Thu. Mar 28th, 2024

Excited to see the latest issue of the great Exterminating Angel Press. I’m also happy to be included with so many other excellent writers. Check out my poem, “As the Obituary Section Gets Bigger”. The theme of their spring issue is “Imperfect World Order” and my poem is a meditation on how COVID has changed…everything, including how we read obituaries. Along with some nostalgia, politics, and obligatory ’70s references. Share the love and support our awesome independent literary journals!

As the Obituary Section Gets Bigger

Remember when you’d read the obituaries and it was a decision,
meaning you had to go and find that specific section of the paper?

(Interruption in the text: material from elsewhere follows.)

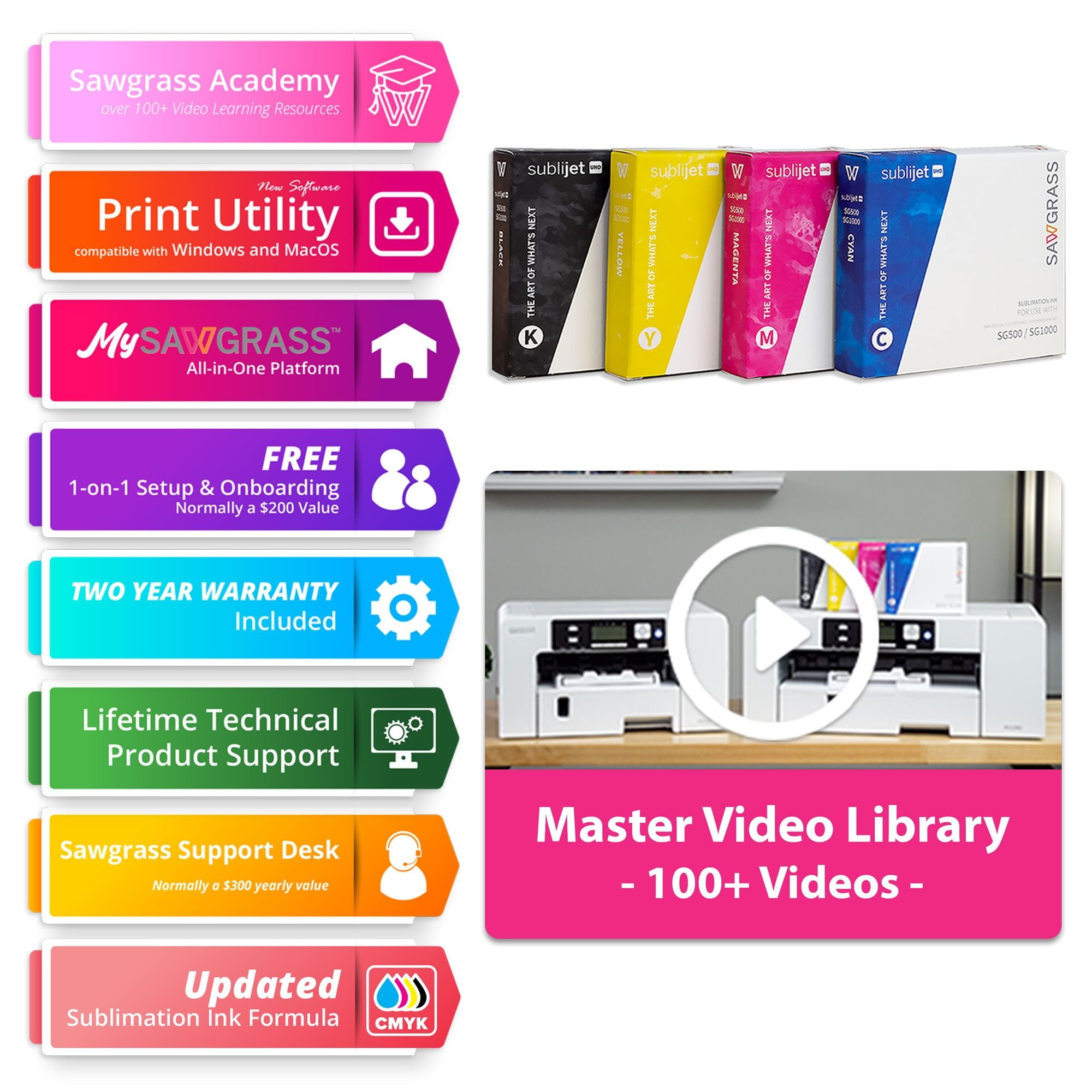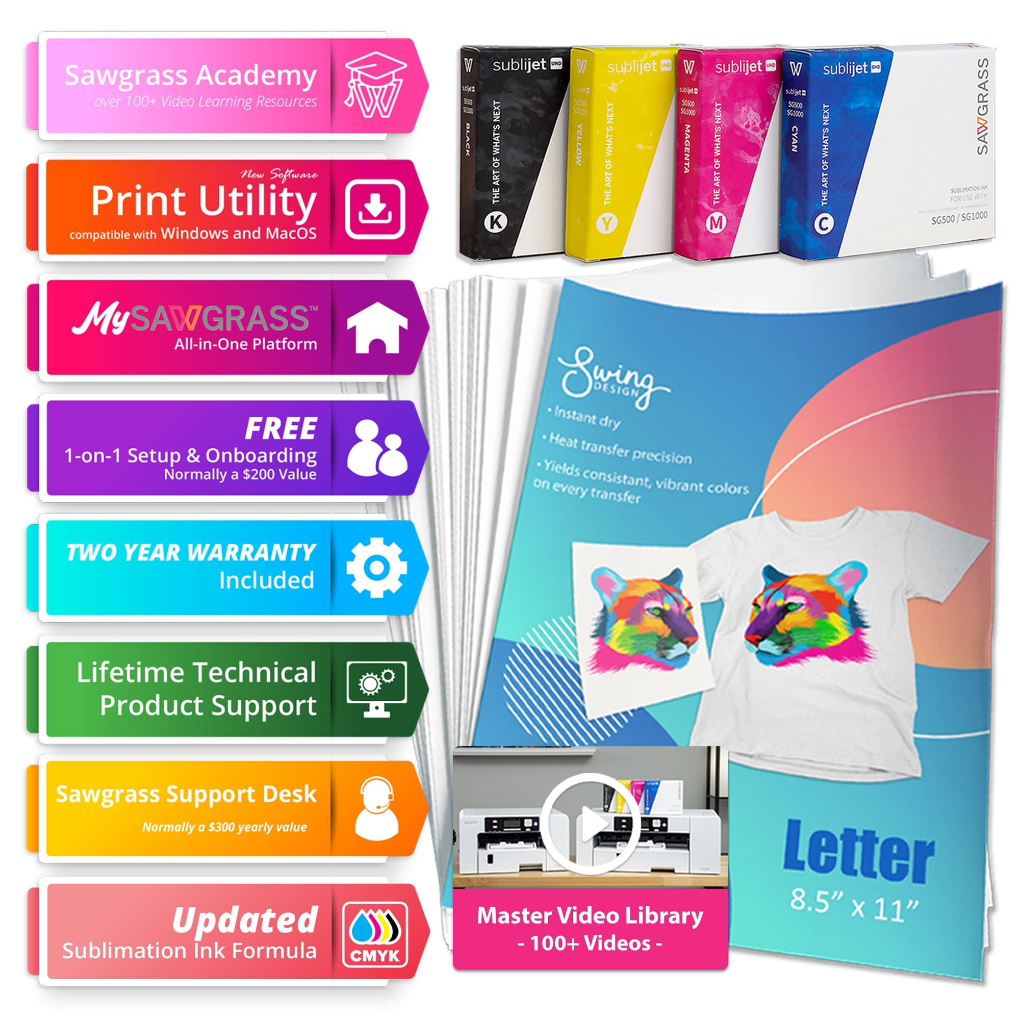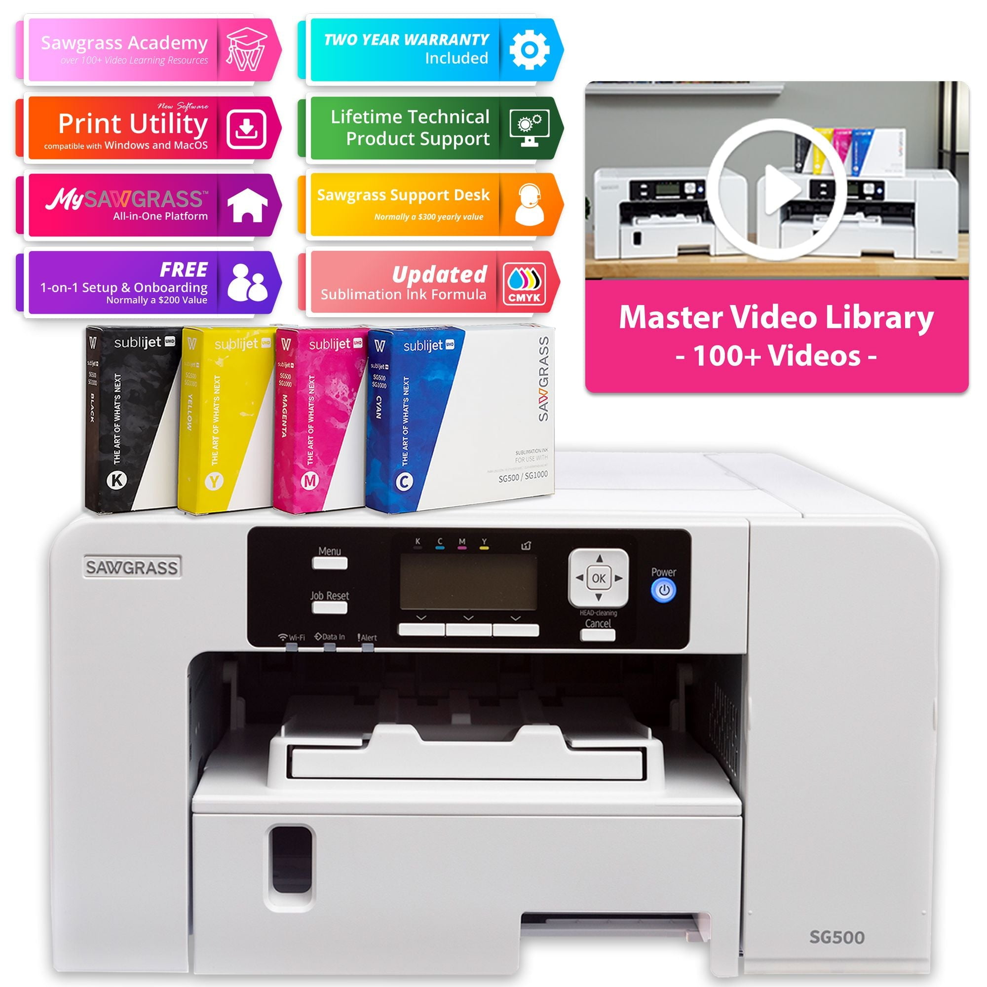 Create like never before with the new and improved Sawgrass Virtuoso SG500 HD Product Decorating System. Sawgrass Virtuoso systems are the industry’s first and only fully integrated desktop solution designed specifically for sublimation. The perfect printer for hobbyists or moonlighter, the SG500 fits comfortably on a desktop and prints media up to 8.5″ x 14″.Or expand the max media size to8.5″ x 51″ with the bypass tray. The SG500 has been updated inside out from its predecessor, the SG400. The SG500 is backwards-compatible with all SG400 accessories. Like all Sawgrass printers, the SG500 performs its own automatic maintenance cycle for trouble-free printing. Decorate a wide variety of products made from polyester fabrics or polymer-coated rigid media including: Aluminum Panels and Inserts, Hardboard and Wood Plaques, Tile, Mugs, Acrylic, Glass, Slate, Polyester Fabric, and Reinforced Fiberglass Plastic. New Features: Wifi Capability Backlit LCD Screen 4880 x 1200 DPI Resolution Two-Year Warranty Single Roll Bar -Eliminates Paper Jams Aluminum Encoder Strip – Reduces Dust Accumulation Ultra-fine Printing Capabilities with 4880 x 1200 dpi Brand New Processor for Faster Image Processing Decorate a wide variety of products made from polyester fabrics or polymer-coated rigid media including: Aluminum Panels and Inserts, Hardboard and Wood Plaques, Tile, Mugs, Acrylic, Glass, Slate, Polyester Fabric, and Reinforced Fiberglass Plastic. Bundle Includes: Sawgrass SG500 Printer – Max Media Size 8.5″ x 14″ INK INSTALL KIT-SubliJet-UHD Inks- 4 Pack Black, Cyan, Magenta, Yellow Brighter and Consistent Color High Stability Choose From 20ml or 31ml Ink Set **Free One on One Setup & Onboarding 250 Sheet Capacity 2 Year Warranty Lifetime Support Access toGO Expression Access toGO Exchange Exclusive Content from Swing Design CreativeStudio Online Designer Compatible with CorelDraw X6 or later, Adobe Illustrator and Photoshop CS6 or Creative Cloud, Adobe Photoshop Elements 12 or later AC 110-120 / 220-240V Must download Sawgrass Print Manager (SPM) for optimal quality. Recommend Windows 10, Compatible with Windows 7, 8, 8.1, 10; Mac OS 10.9 or later

You didn’t do that? Me neither, but bear with me, I’m making
a point. That news—the news—was easier to ignore in an analog

era, when we picked and chose what sources we let inform us,
nuggets of insight like the toys in cereal boxes, crammed in between

colorful ads, some of them promoting unhealthy activities endorsed
by athletes and actors, and the types of unbelievable faces fabricated

in a laboratory called Hollywood. The thing is, not much has changed,
but now everyone can make news and the rest of us have no choice

except to navigate through this stream, each of us alone in boats being
drawn irresistibly away from the reality we once depended on, the way

our ancestors, in ancient times, knew if they sang the appropriate songs
and made sacrifices in necessary numbers, The Sun would welcome each

new day, celestial clockwork scientists were burned for construing, their
non-obituaries an official statement that said Don’t do this, or You know

all you need to know; the world already too full of noise and knowledge
for anyone to contend with, and the one thing—the only thing—we knew

was that all of us would be gone sooner than we’d like, wherever it was(n’t)
we were headed—after—and it was entirely up to the ages to observe, if it cared

to commemorate lives lost like revenue in outmoded business models. Which
brings us back to obituaries and how we keep an account in this disconnected age,

where everything is right there in front of us, in real time, news that’s impossible
to contend with, even as some of us die trying. And when you scroll down the page—

looking for anything but insight (not everything is fit to print, and who prints anything
anymore?): updates on the new faces being manufactured, bought and sold as proof

of progress; sports scores, or what the latest sort-of scientists have to say about however
the moon is moving the tides during your birth month—it’s all but impossible to avoid

that list of famous names who did enough to earn precious digital inches in the public
record, and in these uncertain times where we know exactly what we can count on

and, worse, what’s coming down the runway: an unregulated plane with faulty parts
taking out everything in its path (but please know it’s not personal; this is just business

as usual). Thus, it’s difficult to deny an acknowledgment, the way popes finally stopped
pretending a flat earth revolved around the sun; if more newsworthy names are added

to the daily toll, it means many more than we can bear are piling up behind the scenes,
like pieces of dead trees used to crucify the prophets—those who dared to understand

the types of cause and effect not explained by the stars or the sun or our gods, or even
those with the power to legislate which casualties get cataloged for the public record.